Den Amerikanern wirft man oft knallharte Realpolitik vor. Einen Vorteil hat dieser, von Männern wie Henry Kissinger oder George Shultz zu zynischer Perfektion getriebene Ansatz. Er gründet sich ganz offenbar auf realistische Einschätzungen. Wir sind froh, dass wir dieses „Herrschafts“-Wissen nun mit unseren Repräsentanten teilen dürfen. Für die politische Kultur ist es kein Schaden, dass die Internationale Diplomatie als Kultur der kalkulierten Lüge und der bewussten Doppelbödigkeit enttarnt worden ist. Wikileaks markiert eine Urszene der internationalen Diplomatie, hinter die es kein Zurück gibt, mag sie auch bald wieder mit Engelszungen reden, das ganze Repertoire ihrer salomonischen Rituale aufbieten und die Türen der abhörsicheren Hinterzimmer wieder zu schließen versuchen. Jeder kennt jetzt die Differenz, die sich zwischen Auftreten und Denken auftut.
Natürlich sind die bilateralen Beziehungen zwischen Staaten nicht mit der Freundschaft zwischen Menschen vergleichbar. Dennoch könnte diese Veröffentlichung eine ähnlich heilsame Wirkung haben wie ein Streit zwischen Freunden, die sich einmal gründlich die Meinung sagen: Danach weiß man wenigstens, woran man ist. Selbst wenn manche der sogenannten Informationen aus den Tausenden Dokumenten, die jetzt im Netz zirkulieren, vielleicht nur höchst vorläufige Meinungen und Vorurteile sind, zu denen es begründete Gegenmeinungen geben könnte. Grundsätzlich ließe sich auf die neue Situation ein Satz von Ingeborg Bachmann anwenden: Die Wahrheit ist nicht nur den Menschen, sie ist auch der Demokratie zumutbar.
Beängstigender als der scheinbare „Geheimnis“-Verrat ist der Umgang mit seinen Urhebern. Amazon kickt Wikileaks vom Server, plötzlich werden, mir nichts, dir nichts, unliebsame Websits gesperrt. Und amerikanische Politiker fordern ernsthaft die Hinrichtung des Gründers der Organisation, Julian Assange. Der mag von Größenwahn, Sensationsgier getrieben und auch sonst eine schillernde Persönlichkeit sein.
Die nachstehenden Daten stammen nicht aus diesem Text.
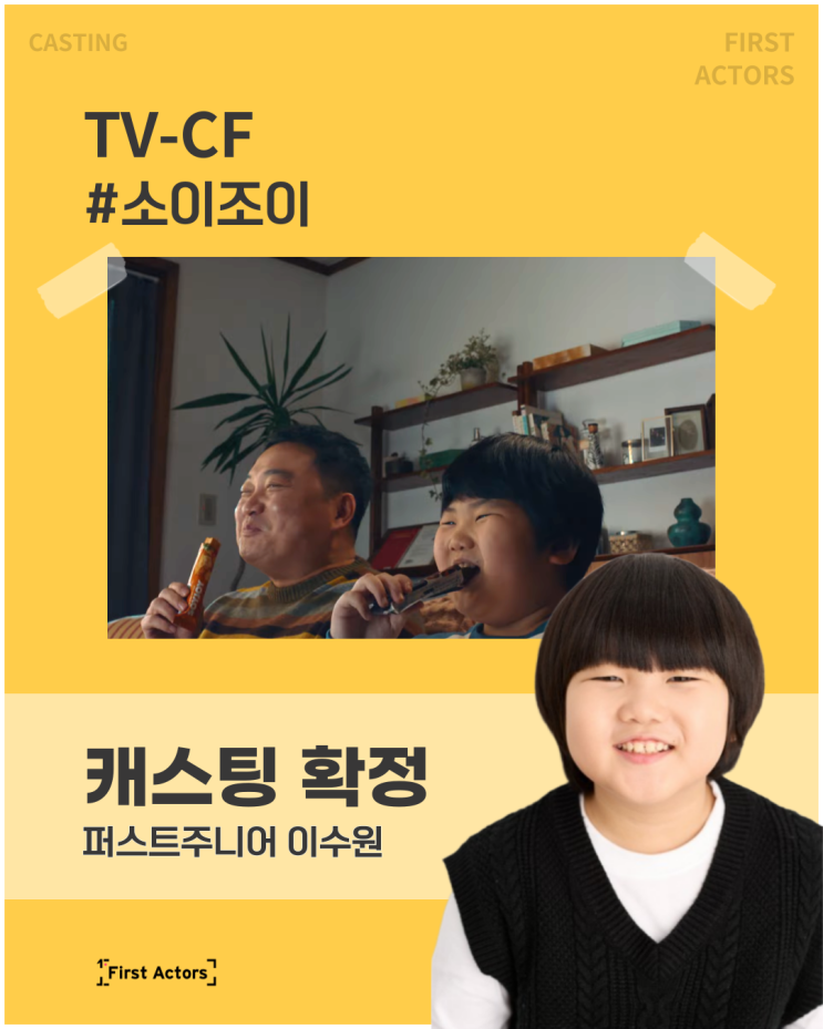 안녕하세요! 꿈꾸는 아이들의 든든한 파트너, 아역캐스팅 전문 에이전시 퍼스트액터스입니다. 새 학기가 시작되는 설레는 3월, 우리 아역배우 친구들은 학교 적응만큼이나 바쁜 현장 활동으로 빛나는 시간을 보냈습니다. 1-2주간 쏟아진 드라마, 영화, 광고 캐스팅 확정 소식을 생생하게 전해드립니다! ■ 3월 1~2주 주요 활동 리포트 TV-CF < 소이조이 > 퍼스트주니어 모델 " 이수원 " 캐스팅 확정 TV-CF < 빙그레 바나나우유 > 퍼스트주니어 모델 " 김승현 " 캐스팅 확정 2026년 3월 1-2주차 캐스팅 확정 광고 아역광고모델 아역캐스팅 TV-CF <제약 광고 > 퍼스트....... <img src="https://blogthumb.pstatic.net/MjAyNjAzMTZfNzAg/MDAxNzczNjQ5MjkzMjA4.W0ifPlHMpzXif-6SlvmBDCigTXVdfz06pGVAsAkivKMg.ig9vAThZoYr90K9idI_ZUOqVBXOCpKoEkRW1ja_qlBsg.PNG/%BC%D2%C0%CC%C1%B6%C0%CC-%C0%CC%BC%F6%BF%F8-001.png?type=s3" />
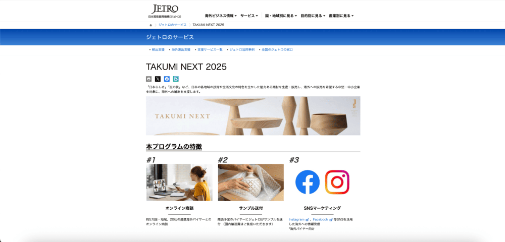 TAKUMI NEXT 2025は、日本の技や生活文化を生かした商品を扱う企業を対象に、海外バイヤーとのオンライン商談やSNSでの発信を通じて、輸出の拡大を支援するプログラムである。Japan Streetに登録している企業の中から選ばれた企業に対し、サンプルの送付支援や、海外5地域・約20社のバイヤーとの商談の機会が提供される。

Doch die Jagdszenen, die sich jetzt um ihn abspielen, spotten der amerikanischen Selbstbeschreibung als Demokratie und „home of the brave and the free“. Auch die Tatsache, dass der Mann in Großbritannien, der Wiege der parlamentarischen Demokratie, nur noch aus dem Untergrund mit den Lesern des „Guardian“ chatten kann, zeigt eine ungeahnt hässliche Seite der sogenannten freien Welt.
Man sollte sich die Bilder gut einprägen. Der Fall Wikileaks ist ein Lehrstück über die Ambivalenzen der Demokratie. Je ernster die Regierten es mit dieser Regierungsform meinen, je nachhaltiger sie ihr Freiheitsversprechen auszuschöpfen versuchen, desto stärker schlägt der Apparat, der sie verwaltet, zurück. Bradley Manning, der damals 22-jährige US-Soldat, der dafür sorgen wollte, dass unterschlagenes Regierungs-Material das Licht der Öffentlichkeit erblickt, sitzt inzwischen in einem amerikanischen Militärgefängnis. Und ausgerechnet Barack Obama, der nach den Jahren der intransigenten Bush-Regierung mit dem Versprechen nach mehr Transparenz ins Amt gewählt worden war, vergattert jetzt alle Regierungsangestellten zu noch größerer Geheimhaltung. Ein Gespenst geht um in der Welt – das Gespenst der Informationsfreiheit!